··· SOURCE MATERIAL ···

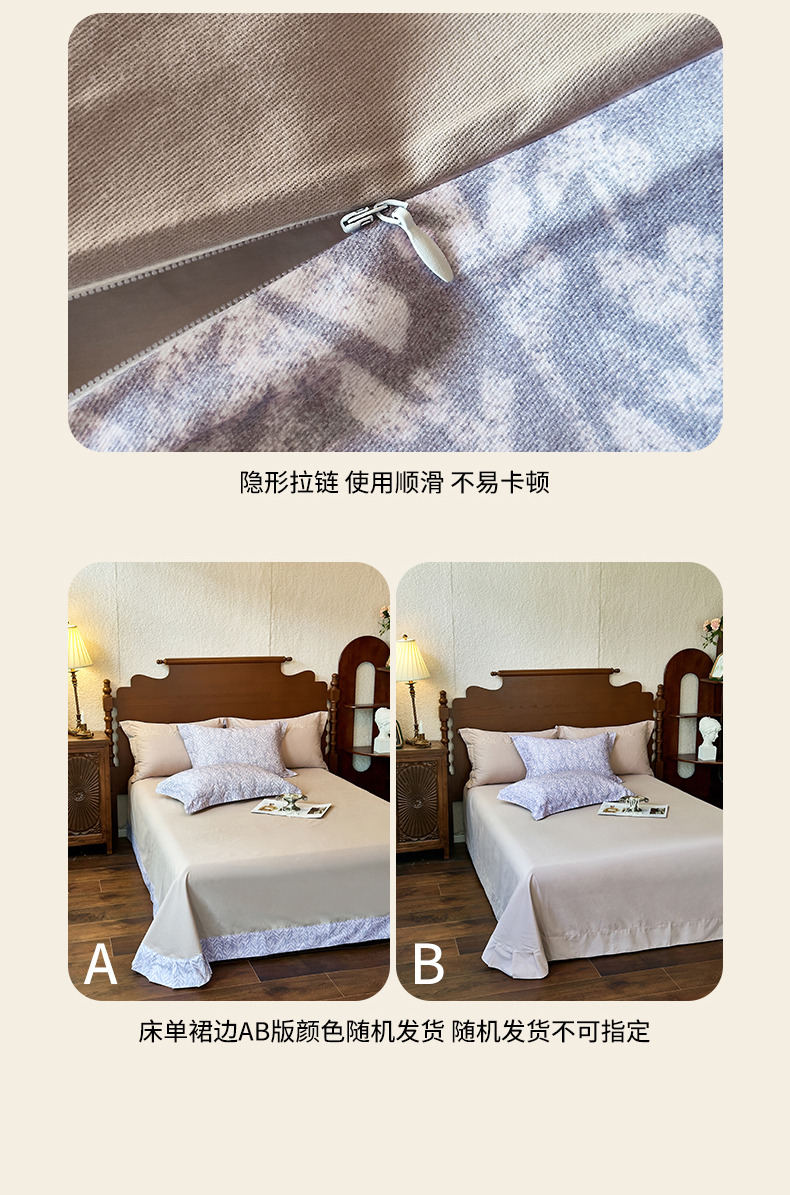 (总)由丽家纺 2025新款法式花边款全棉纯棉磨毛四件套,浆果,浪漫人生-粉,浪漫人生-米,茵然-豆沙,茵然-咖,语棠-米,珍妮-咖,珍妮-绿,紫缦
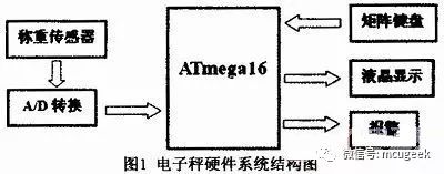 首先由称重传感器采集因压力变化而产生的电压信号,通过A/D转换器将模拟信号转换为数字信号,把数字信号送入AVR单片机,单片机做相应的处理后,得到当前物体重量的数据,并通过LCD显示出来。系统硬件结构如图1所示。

···
··· SOURCE MATERIAL ···

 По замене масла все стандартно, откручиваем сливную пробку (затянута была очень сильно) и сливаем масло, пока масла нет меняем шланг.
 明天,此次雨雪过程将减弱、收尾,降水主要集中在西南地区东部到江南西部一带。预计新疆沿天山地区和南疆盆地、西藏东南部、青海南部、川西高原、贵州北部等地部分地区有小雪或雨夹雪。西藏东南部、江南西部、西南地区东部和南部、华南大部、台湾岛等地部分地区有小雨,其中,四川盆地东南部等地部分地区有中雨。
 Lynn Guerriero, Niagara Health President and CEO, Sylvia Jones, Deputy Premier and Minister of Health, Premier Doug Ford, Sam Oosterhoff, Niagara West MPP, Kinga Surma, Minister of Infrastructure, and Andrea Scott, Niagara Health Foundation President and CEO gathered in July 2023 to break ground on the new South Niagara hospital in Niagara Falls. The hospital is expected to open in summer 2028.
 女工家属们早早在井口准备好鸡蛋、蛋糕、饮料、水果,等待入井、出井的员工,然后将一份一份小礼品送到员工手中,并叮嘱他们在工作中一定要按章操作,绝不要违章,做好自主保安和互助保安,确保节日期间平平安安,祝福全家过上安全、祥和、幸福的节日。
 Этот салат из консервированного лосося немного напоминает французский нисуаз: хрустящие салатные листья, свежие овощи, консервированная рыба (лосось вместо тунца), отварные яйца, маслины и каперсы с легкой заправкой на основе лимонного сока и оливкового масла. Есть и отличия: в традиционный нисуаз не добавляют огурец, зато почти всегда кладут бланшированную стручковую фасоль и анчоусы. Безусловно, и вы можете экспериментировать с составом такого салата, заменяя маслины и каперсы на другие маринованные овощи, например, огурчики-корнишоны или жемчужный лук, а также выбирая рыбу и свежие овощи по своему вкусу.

···
··· SOURCE MATERIAL ···

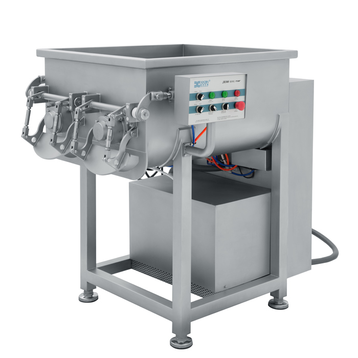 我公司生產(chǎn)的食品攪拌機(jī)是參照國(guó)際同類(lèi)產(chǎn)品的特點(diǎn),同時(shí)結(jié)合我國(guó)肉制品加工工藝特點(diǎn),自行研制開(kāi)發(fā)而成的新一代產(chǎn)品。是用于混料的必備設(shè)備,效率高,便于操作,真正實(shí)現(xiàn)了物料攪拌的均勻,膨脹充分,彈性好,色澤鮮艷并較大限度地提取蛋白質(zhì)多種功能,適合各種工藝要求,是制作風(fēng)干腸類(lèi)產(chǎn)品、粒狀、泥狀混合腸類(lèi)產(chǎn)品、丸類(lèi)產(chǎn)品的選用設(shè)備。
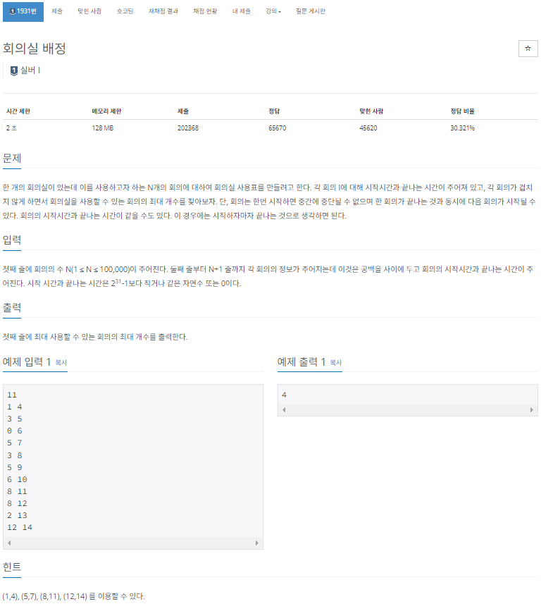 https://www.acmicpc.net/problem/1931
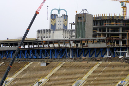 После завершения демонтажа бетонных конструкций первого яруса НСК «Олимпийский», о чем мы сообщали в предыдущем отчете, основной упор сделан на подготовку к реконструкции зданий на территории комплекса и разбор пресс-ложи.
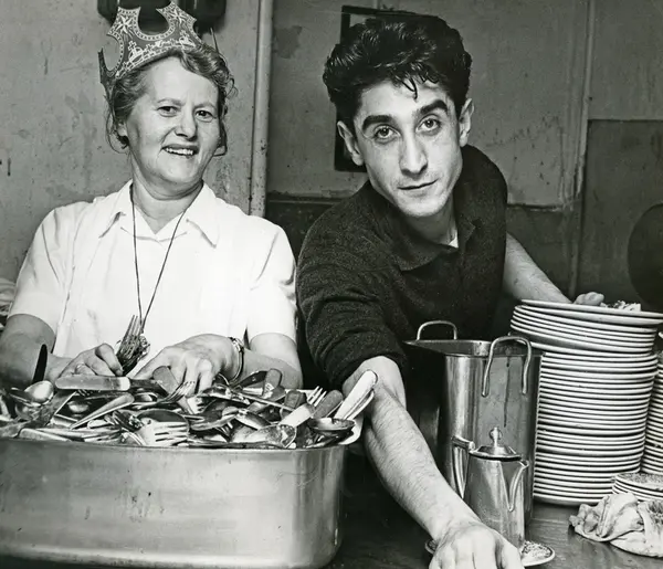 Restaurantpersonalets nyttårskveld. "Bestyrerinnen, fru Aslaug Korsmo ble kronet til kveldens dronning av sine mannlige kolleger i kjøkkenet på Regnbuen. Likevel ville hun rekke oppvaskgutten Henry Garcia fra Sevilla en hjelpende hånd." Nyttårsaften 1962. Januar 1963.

···

→ EXERCISE DESCRIPTION: Reproduce the data above exactly, but only from the line containing "(总)由丽家纺 2025新款" through the line containing "首先由称重传感器采集因压力变"; skip the pictures.

→ ANSWER SECTION:
 (总)由丽家纺 2025新款法式花边款全棉纯棉磨毛四件套,浆果,浪漫人生-粉,浪漫人生-米,茵然-豆沙,茵然-咖,语棠-米,珍妮-咖,珍妮-绿,紫缦
 首先由称重传感器采集因压力变化而产生的电压信号,通过A/D转换器将模拟信号转换为数字信号,把数字信号送入AVR单片机,单片机做相应的处理后,得到当前物体重量的数据,并通过LCD显示出来。系统硬件结构如图1所示。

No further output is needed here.